**Supplied data**
━━━━

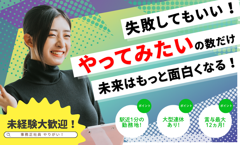 求めている人材 \こんな方を求めています!/ ・コツコツと業務を進められる方 ・前向きなコミュニケーションでチームワークを大切にできる方 ・PCスキルを活かしたい方(正確なデータ管理や書類作成ができる) <歓迎条件> ・一般事務、受付事務、営業事務などのご経験がある方 ・不動産業界でのご経験がある方 <9割以上が未経験スタート!> 20~30代の若手が活躍しています。先輩の主な前職は、IT・広告・飲食・美容・電力会社など。社歴も役職も関係なく、ざっくばらんに相談や雑談ができる風通しのよい雰囲気の職場です! <採用担当コメント> 今回は完全に人柄の採用になりますので、たくさんの方にお会いしたいと考えております。不動産の専門知識も必要ありませんので、未経験者の方でも安心してご応募ください! 年齢の条件と理由:あり(★応募条件★ ・45歳以下の方 例外事由3号のイ・45歳未満(長期勤続によるキャリア形成のため))
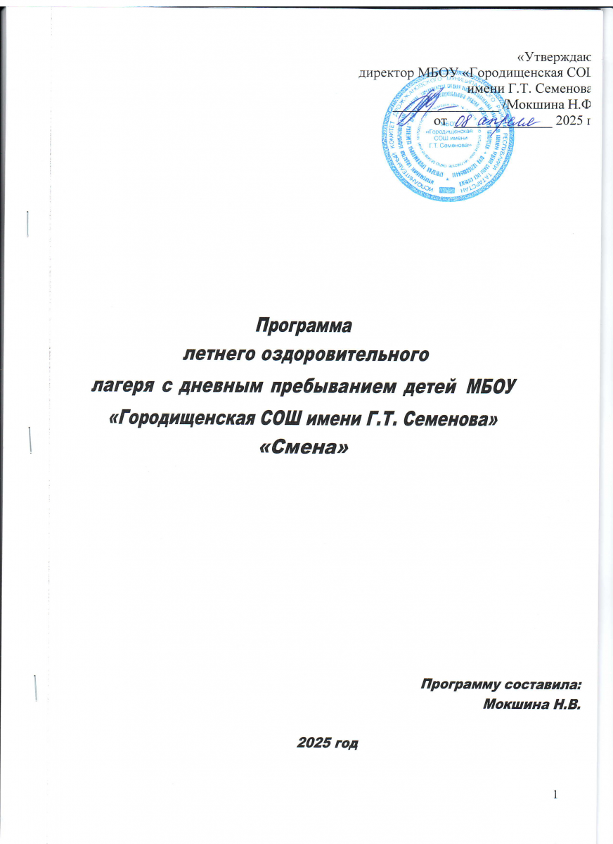 Начальник лагеря — Мокшина Надежда Валерьевна - заместитель директора по воспитательной работе
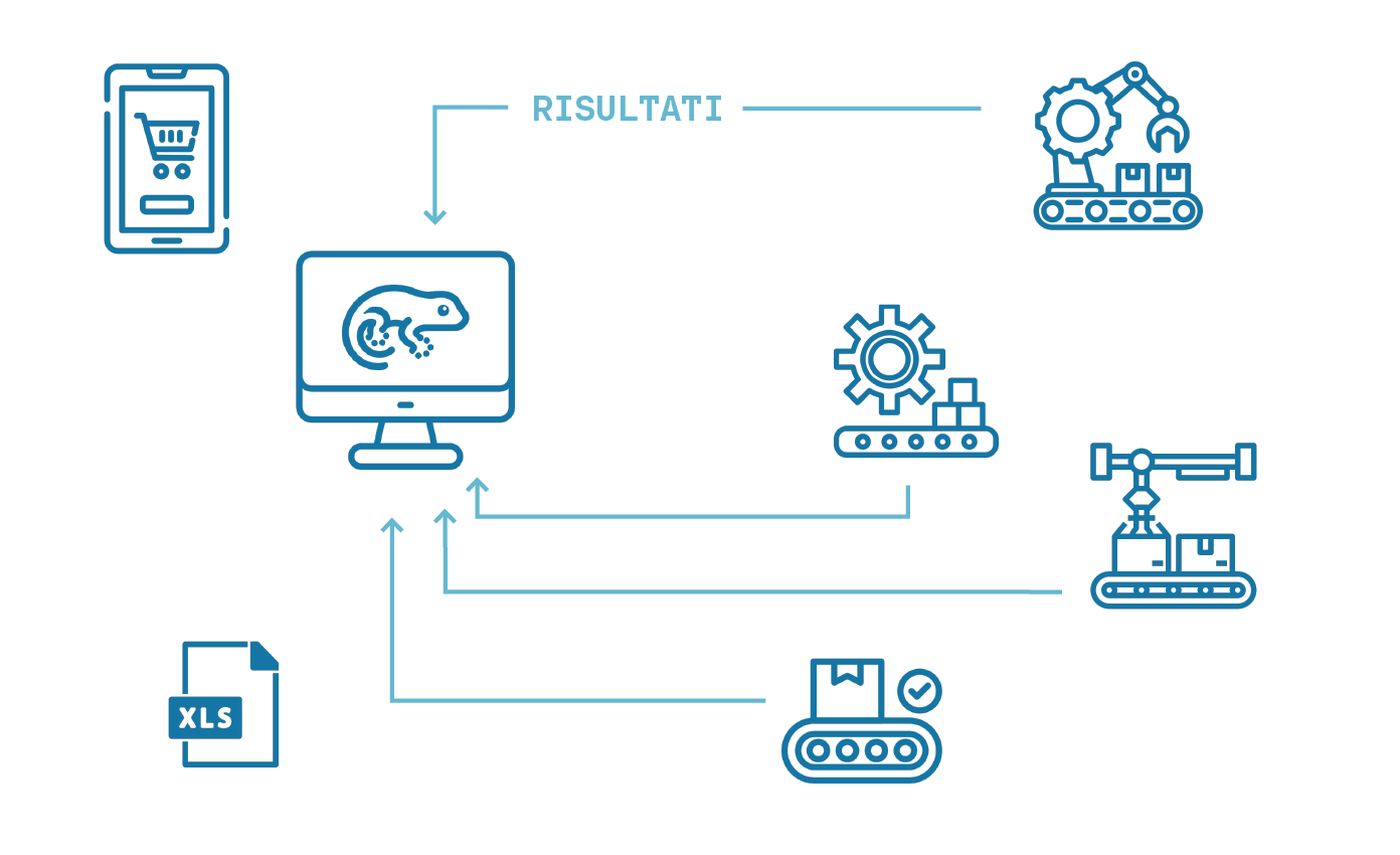 Implementazione costante per adattarsi ai diversi linguaggi delle macchine da interconnettere. Evoluzione del software per soddisfare sempre meglio le esigenze delle imprese.
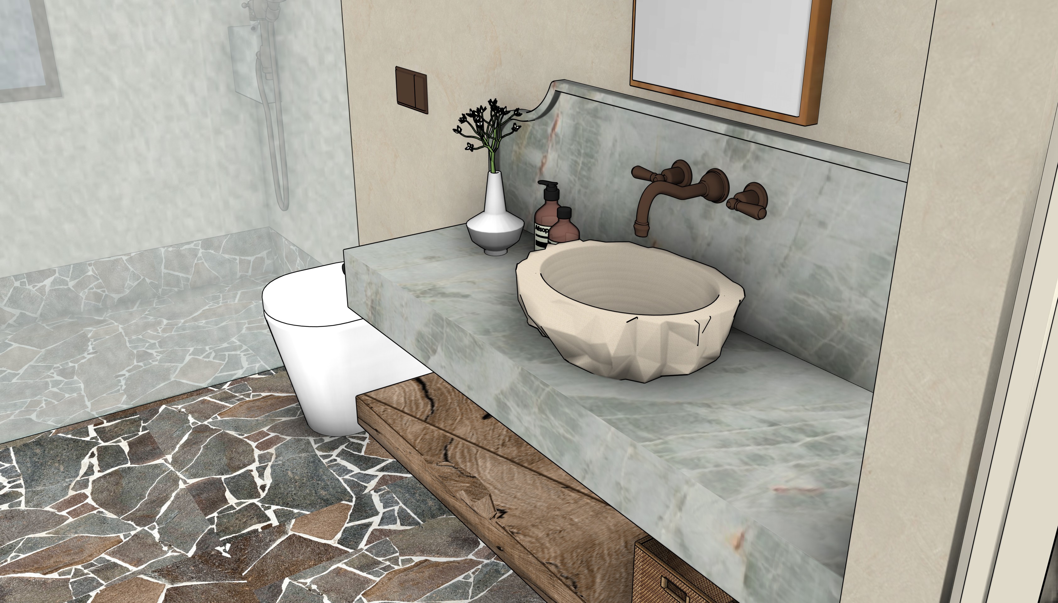 the green stone vanity is a muted emerald quartzite not a bright or deep colour the frame of the mirror is rope

━━━━

**Exercise brief**
What is needed is an exact copy of the data, without any pictures.

**Output of the exercise**
 求めている人材 \こんな方を求めています!/ ・コツコツと業務を進められる方 ・前向きなコミュニケーションでチームワークを大切にできる方 ・PCスキルを活かしたい方(正確なデータ管理や書類作成ができる) <歓迎条件> ・一般事務、受付事務、営業事務などのご経験がある方 ・不動産業界でのご経験がある方 <9割以上が未経験スタート!> 20~30代の若手が活躍しています。先輩の主な前職は、IT・広告・飲食・美容・電力会社など。社歴も役職も関係なく、ざっくばらんに相談や雑談ができる風通しのよい雰囲気の職場です! <採用担当コメント> 今回は完全に人柄の採用になりますので、たくさんの方にお会いしたいと考えております。不動産の専門知識も必要ありませんので、未経験者の方でも安心してご応募ください! 年齢の条件と理由:あり(★応募条件★ ・45歳以下の方 例外事由3号のイ・45歳未満(長期勤続によるキャリア形成のため))
 Начальник лагеря — Мокшина Надежда Валерьевна - заместитель директора по воспитательной работе
 Implementazione costante per adattarsi ai diversi linguaggi delle macchine da interconnettere. Evoluzione del software per soddisfare sempre meglio le esigenze delle imprese.
 the green stone vanity is a muted emerald quartzite not a bright or deep colour the frame of the mirror is rope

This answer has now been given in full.